# TV pricing?



## m55vette (May 21, 2010)

What can I expect to pay for a 26" or 32" flat screen in Mexico? No HD, just a regular TV? Can't bring one with me this trip, but would like one for the house. Thanks!

Mike


----------



## RVGRINGO (May 16, 2007)

You will have lots of choices and prices will be only slightly higher, if at all. Certainly not worth trying to carry one down, pay duty and take a chance of damaging it.
Enjoy your trip.


----------



## mexliving (Mar 30, 2009)

expect to pay 9,999.00 pesos for a 32 inch flat screen..... so you save money if you bring your own down here..... remember... if you bring it down in the original box and dont declare at aduana , it can be confiscated.

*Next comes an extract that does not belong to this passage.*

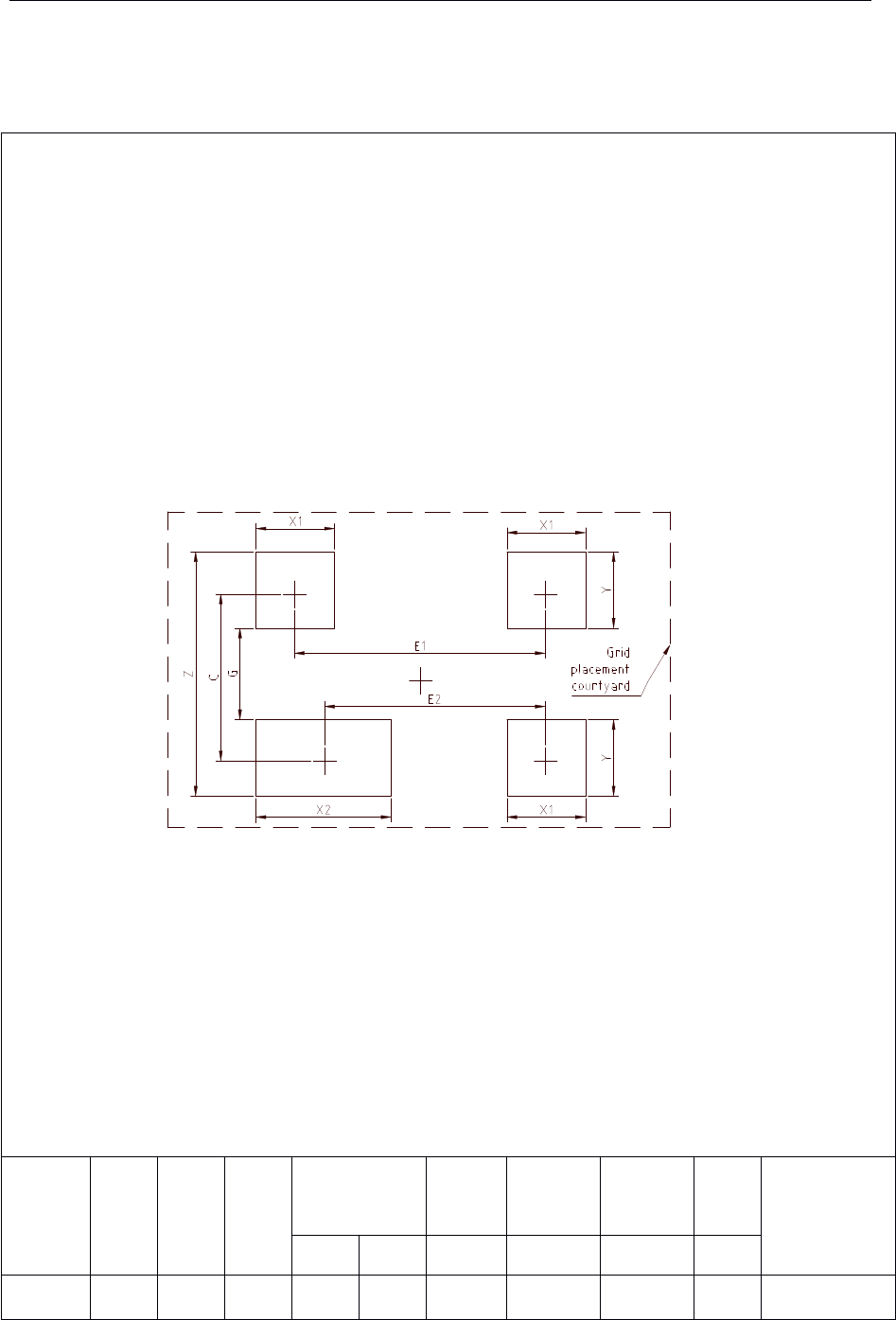 Q/Z X - 2000 27 6.1.10.2 SOT 143 的焊盘尺寸 SOT 143 的焊盘尺寸应符合图 26 的规定。见图 26: 图 26 SOT 143 焊盘尺寸 封装名称 Z (mm) G (mm) X1 (mm) X2 (mm) C (mm) E1 (mm) E2 (mm) Y (mm) 区域网格 (网格单元 号码) Min max ref basic Basic ref SOT 143 3.60 0.80 1.00 …

if i could go back to the usa, i would have purchased a flat screen and drove down with it...


----------



## conklinwh (Dec 19, 2009)

If you don't want HD capable the costs can be much less at Costco or even other locations.
My guess is 7-8,000 pesos and I've seen lower. You do need look at the TV and make sure that you are buying the same resolution that they are showing. I have seen resolutions in Mexico far lower than anything sold in the US.


----------



## sparks (Jun 17, 2007)

Bets Buy in Guad has a 32" HD LG brand for $6999 or about 600us

Catálogo


----------



## m55vette (May 21, 2010)

sparks said:


> Bets Buy in Guad has a 32" HD LG brand for $6999 or about 600us
> 
> Catálogo


Just got a Sony 32" at Ajijic Tio Sam for $6699 pesos. Bundled it with a few other items and got a nice discount as well! 

Moved into our new home today! Dinner at the Chili Bang BAr, good chow!

Gracias for the Tv info!


----------